A balance constraint demands that all partitions have about equal weights. Let \(\mu \) be the average partition weight: \(\mu := w_V(V)/k\). For a balanced graph partitioning it must hold that \(\forall i \in \{1,\cdots ,k\} :w_V(V_i) \le (1+\epsilon )\cdot \mu \), where \(\epsilon \in \mathbb {R}_{\ge 0}\) is a given imbalance parameter to specify a tolerable degree of imbalance (depending on the application).

2.1 Partitioning Algorithm

Partitioning a graph into k partitions of roughly equal size such that the total cut is minimized is NP-complete [12]. Heuristics, especially the multilevel partitioning framework [4, 13], are used in practice to solve the problem.

The multilevel graph partitioning framework consists of three phases: (1) coarsening the graph, (2) finding an initial partitioning of the coarse graph, and (3) uncoarsening the graph and projecting the coarse solution to the finer graphs.

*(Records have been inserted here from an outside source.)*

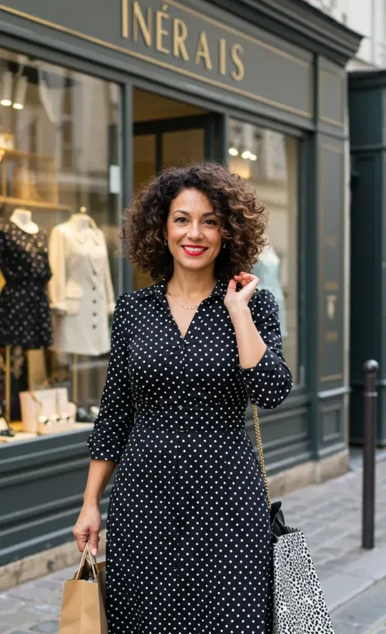 This playful yet chic look combines the timeless appeal of polka dots with a classic button-down dress design. The model wears a black dress adorned with white polka dots, featuring a flattering v-neckline and a waist-cinching fit. She pairs it with a casual gold chain, and her accessories an elegant tan crossbody bag and a monochrome shopping bag add an effortlessly stylish touch. The background of a charming Parisian street café sets the perfect scene.
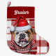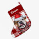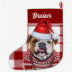 Esta estocagem personalizada de Natal apresenta uma ilustração encantadora de um Bulldog vestindo um suéter vermelho festivo e um chapéu de Papai Noel. O estoque é enfeitado com um padrão de xadrez branco e vermelho, adicionando um toque tradicional ao design. O nome do seu cachorro é exibido com destaque em uma fonte de na moda, fazer-o como um presente perfeito para qualquer amante de cachorro. Essa estocagem certamente trará alegria para a época de férias e fará um presente único e ponderado.
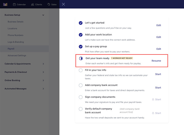 Your first payday is the first date you’d like to begin paying your workers through Mangomint. Keep in mind this date is not final—this date is simply for the Mangomint team so we can help you stay on track and complete your onboarding in time for your first payday.

In the coarsening phase, a series of smaller graphs is derived from the input graph. Coarsening is commonly implemented by contracting a subset of vertices and replacing it with a single vertex. Parallel edges are replaced by a single edge with the accumulated weight of the parallel edges. Contracting vertices like this implies that a balanced partitioning on the coarse level represents a balanced partitioning on the fine level with the same total cut. Different strategies exist to select vertices to be contracted. Finding a matching is a tradeoff between using heavy edges (and hence reducing the final cut) and keeping uniform vertex weights (and hence improving partition balance). The coarsening ends when the coarsest graph is sufficiently small to be initially partitioned.

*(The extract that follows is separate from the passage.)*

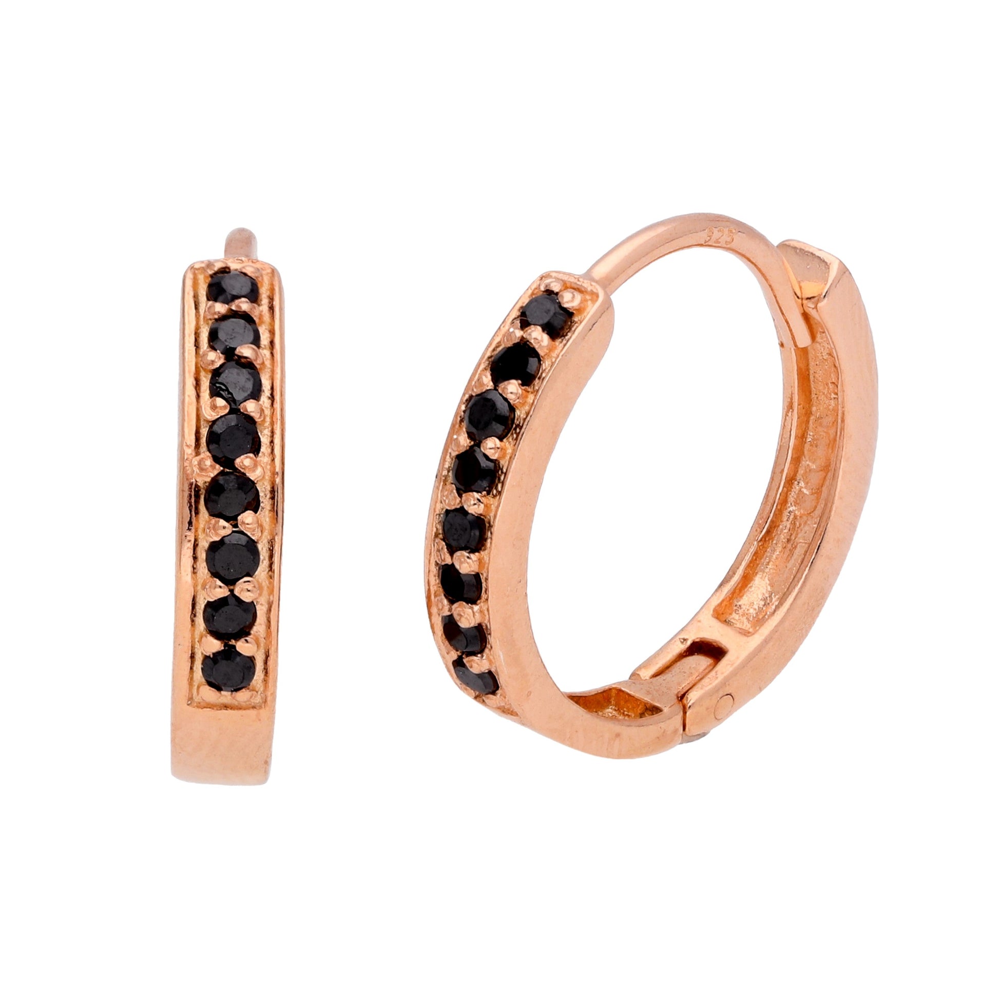 Rosévergoldet Sterlingsilber Schwarz CZ Klappcreolen Ohrringe

Different algorithms exist to find an initial partitioning [4]. Methods for the initial partitioning are either based on direct k-way partitioning or on recursive bisection. A simple but effective method to find an initial partitioning is greedy graph growing. A random start vertex is grown using breadth-first search, adding the vertex that increases the total cut the least in each step. The search is stopped as soon as half of the total vertex weight is assigned to the growing partition. Because the quality of the bisection strongly depends on the randomly selected start vertex, multiple iterations with different starts are used and the best solution is kept. The k-way extension of graph-growing starts with k random vertices and grows them in turns.

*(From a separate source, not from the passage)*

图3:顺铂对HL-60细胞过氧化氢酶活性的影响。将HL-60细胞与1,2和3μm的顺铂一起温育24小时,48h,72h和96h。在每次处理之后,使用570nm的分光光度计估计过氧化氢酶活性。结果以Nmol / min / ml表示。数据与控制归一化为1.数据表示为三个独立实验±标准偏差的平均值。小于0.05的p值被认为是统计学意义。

The initial partitioning is uncoarsened by repeatedly assigning previously contracted vertices to the same partition. Each extraction of vertices is followed by a refinement step to improve the total cut or the balance of the partitions. For instance, local vertex swapping is a refinement metaheuristic that can be parametrized with different strategies to select vertices to move [8, 15, 16].

3 Penalized Graph Partitioning

The idea of our penalized graph partitioning is to introduce a penalized partition weight and to modify the graph partitioning problem accordingly. We define the resulting problem as the Penalized Graph Partitioning Problem (P-GPP). Figure 2 shows an example graph with vertex and edge weights denoted in Fig. 2a. Solving the GPP leads to the partitioning with the total cut of 3 shown in Fig. 2b. When the cardinality of a partition is penalized linearly, the solution of the P-GPP having a total cut of 4 is shown in Fig. 2c. However, when the penalty of a partition grows with the square of the partition cardinality, the partitioning with the total cut of 4 shown in Fig. 2d is the solution to the P-GPP. The partitioning obviously depends on the performance model, i.e., the given penalty function.

Fig. 2.
figure 2

Example of graph partitionings with different penalty functions

3.1 Prerequisites

Let \(G = (V,E,w_V,w_E)\) be an undirected, weighted graph as in Sect. 2. Furthermore, let p be a positive, monotonically increasing penalty function that penalizes a partition weight based on the partition cardinality:

$$\begin{aligned} p :\mathbb {N}\rightarrow \mathbb {R}_{\ge 0}\text { with } p(n_1) \le p(n_2) \text { for }n_1\le n_2. \end{aligned}$$

The vertex weight function is extended to sets \(V' \subseteq V\) such that it incorporates the penalty:

$$\begin{aligned} w_V(V') := \sum _{v \in V'} w_V(v) + p(|V'|). \end{aligned}$$

The example partitioning in Fig. 2c uses a linear penalty function, i.e., \(p(|V|):=|V|\). Accordingly, using the definition, the partition weights are

$$\begin{aligned} w_V(V_1)&= \sum _{v \in V_1} w_V(v) + p(|V_1|) = 5+5 = 10\text { and}\\ w_V(V_2)&= \sum _{v \in V_2} w_V(v) + p(|V_2|) = 7+3 = 10. \end{aligned}$$

The example partitioning in Fig. 2d uses a square penalty function, i.e., \(p(|V|):=|V|^2\). Accordingly, the partition weights are \(w_V(V_1) = w_V(V_2) = 22\).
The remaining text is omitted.